**PROBLEM DESCRIPTION:**
Give back exactly the lines of the entries below from the line with "快看!我捡到一片好大好大的树叶,这片叶子可比我的脸还大呢!" to the line with "У Комітеті Верховної", inclusive, and only those.

**DATA FOR THIS EXERCISE:**

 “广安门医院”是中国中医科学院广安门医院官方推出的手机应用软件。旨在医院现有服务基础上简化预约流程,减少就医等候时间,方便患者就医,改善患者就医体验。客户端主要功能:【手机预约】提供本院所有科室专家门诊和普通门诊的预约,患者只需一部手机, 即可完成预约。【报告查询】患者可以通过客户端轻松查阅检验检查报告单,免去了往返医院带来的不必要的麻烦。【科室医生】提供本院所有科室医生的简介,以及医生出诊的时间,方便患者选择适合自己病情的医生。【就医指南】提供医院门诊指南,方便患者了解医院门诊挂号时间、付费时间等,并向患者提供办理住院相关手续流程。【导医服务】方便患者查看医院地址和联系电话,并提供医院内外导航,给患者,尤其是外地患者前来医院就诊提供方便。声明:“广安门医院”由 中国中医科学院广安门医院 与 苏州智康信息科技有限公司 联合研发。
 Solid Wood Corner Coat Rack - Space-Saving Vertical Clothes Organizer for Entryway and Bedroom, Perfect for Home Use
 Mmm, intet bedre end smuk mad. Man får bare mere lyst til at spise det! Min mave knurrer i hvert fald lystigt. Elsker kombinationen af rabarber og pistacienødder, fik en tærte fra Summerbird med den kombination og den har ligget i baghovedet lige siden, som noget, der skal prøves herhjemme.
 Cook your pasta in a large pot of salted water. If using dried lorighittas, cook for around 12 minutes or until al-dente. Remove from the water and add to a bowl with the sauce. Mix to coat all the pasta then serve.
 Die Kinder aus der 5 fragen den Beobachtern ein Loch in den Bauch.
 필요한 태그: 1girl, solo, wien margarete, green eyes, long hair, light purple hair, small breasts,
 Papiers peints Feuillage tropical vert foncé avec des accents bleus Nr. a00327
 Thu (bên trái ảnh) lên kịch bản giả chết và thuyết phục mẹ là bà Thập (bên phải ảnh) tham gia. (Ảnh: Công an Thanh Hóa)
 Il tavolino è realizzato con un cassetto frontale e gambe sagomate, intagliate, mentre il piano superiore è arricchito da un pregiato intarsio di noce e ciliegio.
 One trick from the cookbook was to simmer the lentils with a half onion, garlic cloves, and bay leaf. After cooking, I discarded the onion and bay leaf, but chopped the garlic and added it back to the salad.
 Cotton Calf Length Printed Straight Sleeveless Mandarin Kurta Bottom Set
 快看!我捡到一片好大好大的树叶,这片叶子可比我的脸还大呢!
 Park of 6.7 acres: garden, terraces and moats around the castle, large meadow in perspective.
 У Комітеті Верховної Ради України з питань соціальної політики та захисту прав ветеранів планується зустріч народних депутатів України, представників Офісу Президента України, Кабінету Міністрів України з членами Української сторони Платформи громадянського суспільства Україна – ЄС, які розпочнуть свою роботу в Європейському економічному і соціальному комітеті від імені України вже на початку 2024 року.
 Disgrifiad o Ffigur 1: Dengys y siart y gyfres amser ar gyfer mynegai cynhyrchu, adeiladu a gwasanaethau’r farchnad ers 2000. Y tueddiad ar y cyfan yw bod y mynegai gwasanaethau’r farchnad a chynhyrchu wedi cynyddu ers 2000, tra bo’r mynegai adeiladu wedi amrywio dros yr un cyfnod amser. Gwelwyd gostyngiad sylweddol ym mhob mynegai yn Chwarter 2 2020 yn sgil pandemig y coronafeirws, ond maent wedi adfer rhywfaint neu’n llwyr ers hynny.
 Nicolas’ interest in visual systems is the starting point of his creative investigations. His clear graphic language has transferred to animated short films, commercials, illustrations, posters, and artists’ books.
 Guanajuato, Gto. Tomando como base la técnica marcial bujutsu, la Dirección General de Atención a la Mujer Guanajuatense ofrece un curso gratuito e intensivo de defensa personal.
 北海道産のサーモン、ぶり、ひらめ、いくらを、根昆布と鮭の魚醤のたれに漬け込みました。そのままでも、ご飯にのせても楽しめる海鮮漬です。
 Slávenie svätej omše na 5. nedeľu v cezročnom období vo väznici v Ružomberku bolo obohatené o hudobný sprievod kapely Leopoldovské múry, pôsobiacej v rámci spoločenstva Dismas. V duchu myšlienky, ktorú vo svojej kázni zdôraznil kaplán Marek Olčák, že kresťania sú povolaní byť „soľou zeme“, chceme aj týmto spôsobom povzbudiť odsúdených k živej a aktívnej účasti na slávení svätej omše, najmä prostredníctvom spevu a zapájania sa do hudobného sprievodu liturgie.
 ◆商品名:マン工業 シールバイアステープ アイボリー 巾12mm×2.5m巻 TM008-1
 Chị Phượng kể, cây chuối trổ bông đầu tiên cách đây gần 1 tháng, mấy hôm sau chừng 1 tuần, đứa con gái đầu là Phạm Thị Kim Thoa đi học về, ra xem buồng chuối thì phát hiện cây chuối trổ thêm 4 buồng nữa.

**RESPONSE BELOW:**
 快看!我捡到一片好大好大的树叶,这片叶子可比我的脸还大呢!
 Park of 6.7 acres: garden, terraces and moats around the castle, large meadow in perspective.
 У Комітеті Верховної Ради України з питань соціальної політики та захисту прав ветеранів планується зустріч народних депутатів України, представників Офісу Президента України, Кабінету Міністрів України з членами Української сторони Платформи громадянського суспільства Україна – ЄС, які розпочнуть свою роботу в Європейському економічному і соціальному комітеті від імені України вже на початку 2024 року.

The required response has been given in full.